1. Field of the Invention
This invention relates to a safety valve for use in the production of oil and gas. It especially relates to a safety valve set in a tubing string of a well drilled in an offshore or water-covered area. In such situations the safety valve is usually set in the tubing string below the mudline. Then, if the tubing string is broken by any means such as a ship or barge which may be adrift in a storm, the subsea safety valve will shut off the flow of fluids through the tubing string and prevent a "runaway" well which would otherwise occur.
2. Prior Art
There are many subsurface safety valves which are commercially available and even many others that have been described in the patents and literature. Some of these valves are operated or controlled from the surface, normally by a long slender tube which supplies fluid under pressure to hold the valve in an open position. If the control fluid supply should be disrupted, the valve automatically closes. Another type downhole safety valve is that group which are self-contained, they usually depend upon a pressure drop through the valve as the actuating medium or force. If the pressure drop through the valve becomes excessive, the valve is forced to a closed position. The present invention belongs in the self-contained group but does not depend upon a pressure drop through the valve; in fact, an object of this invention is to maintain as low a pressure drop as possible.
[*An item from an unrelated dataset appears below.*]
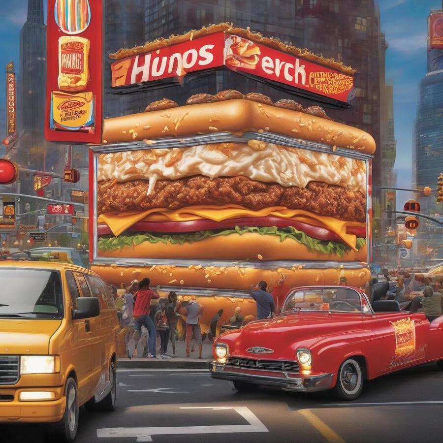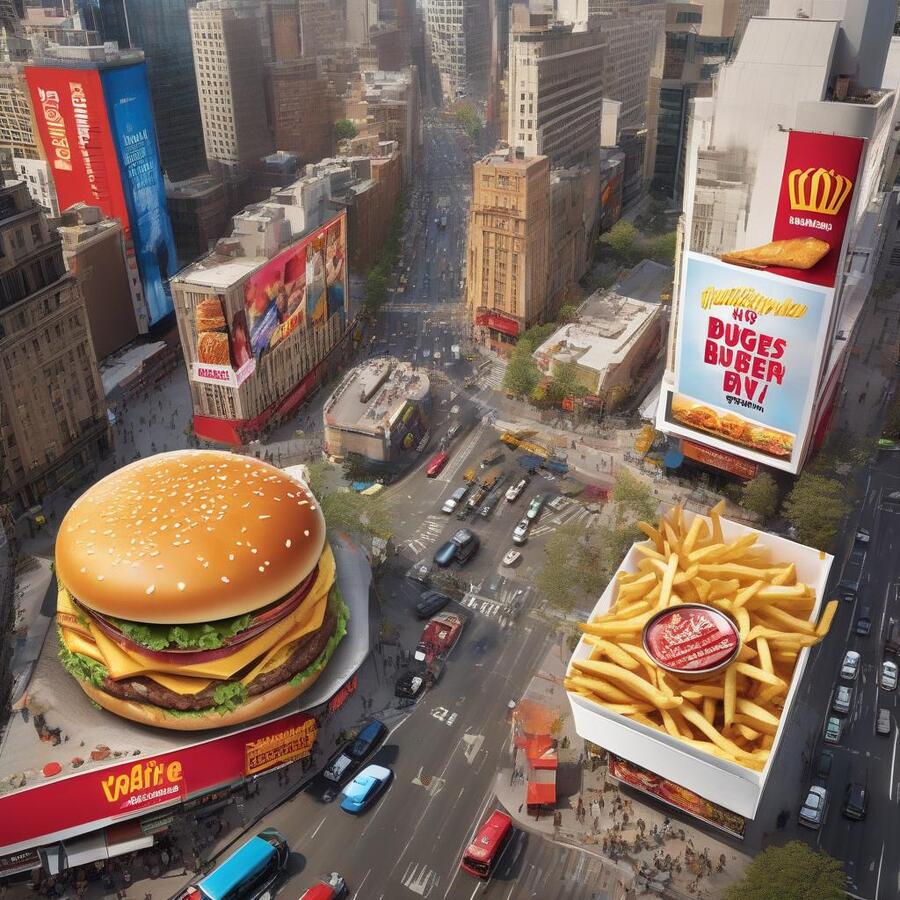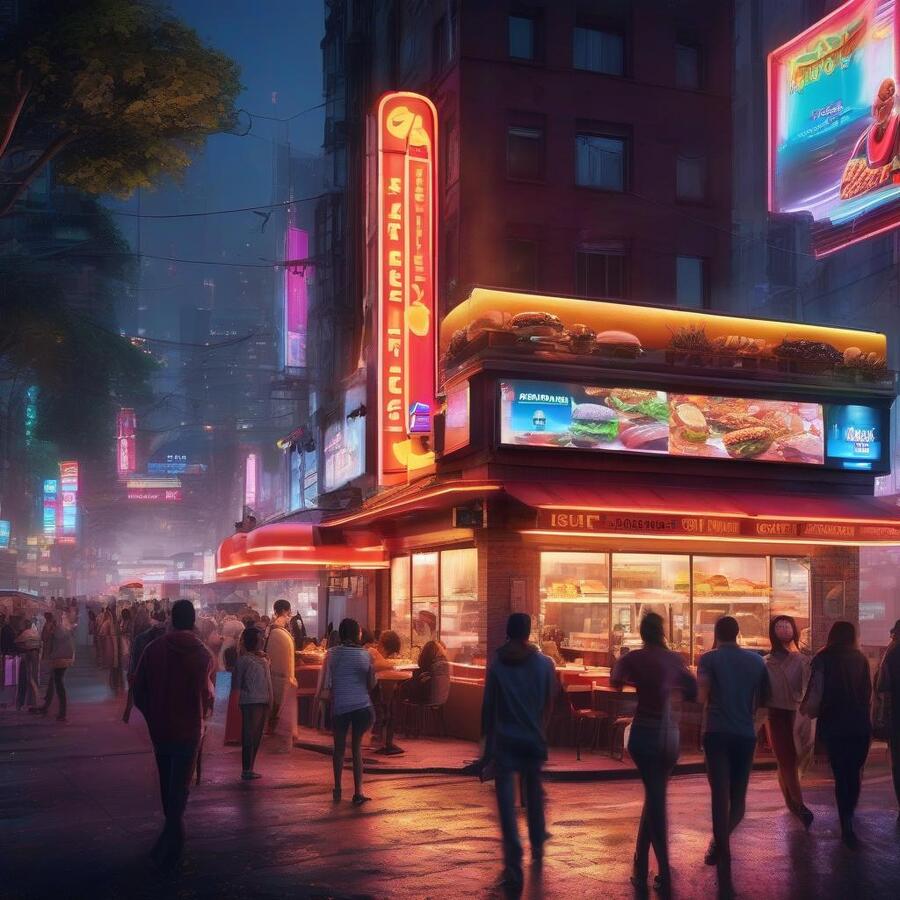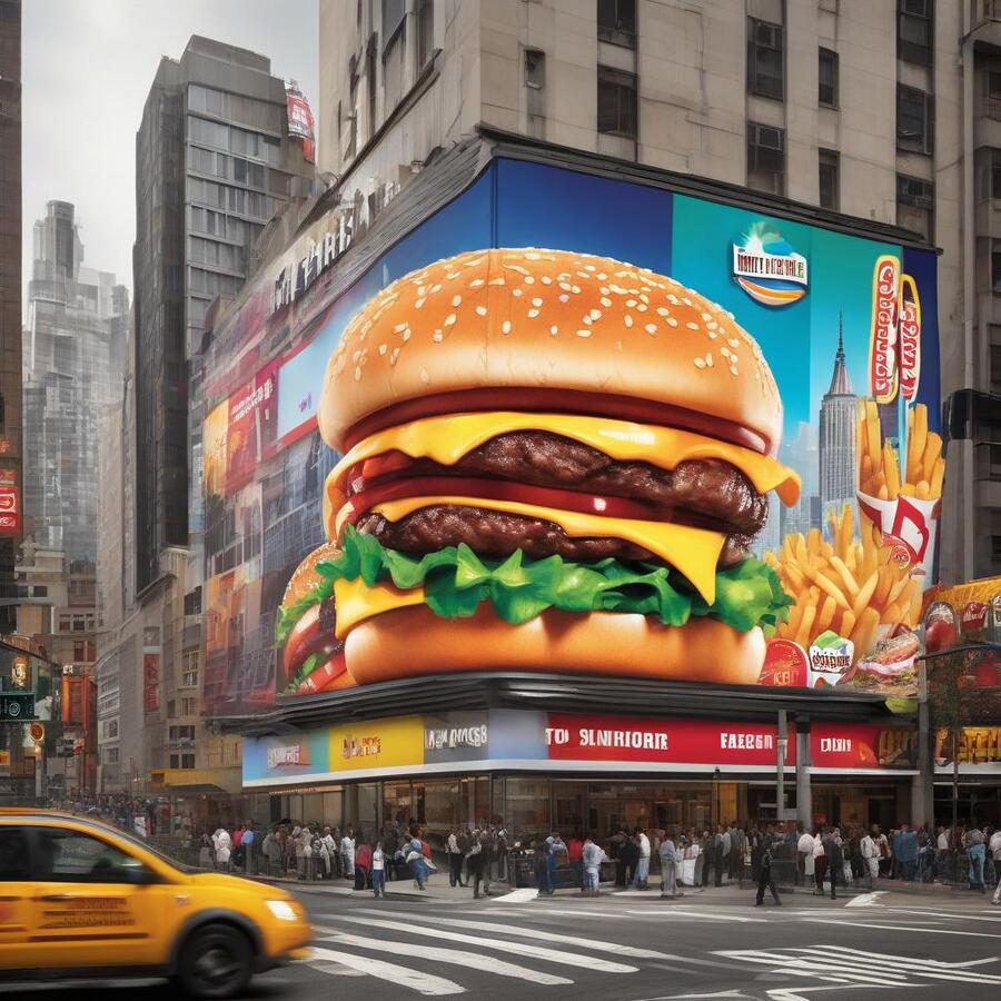 Промпт 1: Stretching across the busy intersection, an eye-catching fast-food cafe advert banner commands attention with its brilliant display of light and color. Against a backdrop of urban chaos, the banner features larger-than-life images of juicy burgers dripping with cheese, crispy chicken sandwiches, and towering milkshakes adorned with whipped cream and cherries, beckoning to hungry diners with promises of indulgence.

Perhaps the closest prior art is U.S. Pat. No. 1,961,280, W. J. Crites et al., for "Method and Apparatus for Controlling Oil Wells," issued June 5, 1934. That patent is not, in a strict sense, a safety control valve but rather is a temperature-sensitive device at the bottom of a wellbore so that the well may be produced at a rate and/or in such a manner that the least amount of gas will be produced. In the device of that patent, an increase in temperature causes an increase in the flow of oil and gas and, likewise, a decrease in temperature causes a decrease in the flow of oil and gas. This is the opposite of what occurs in the present invention.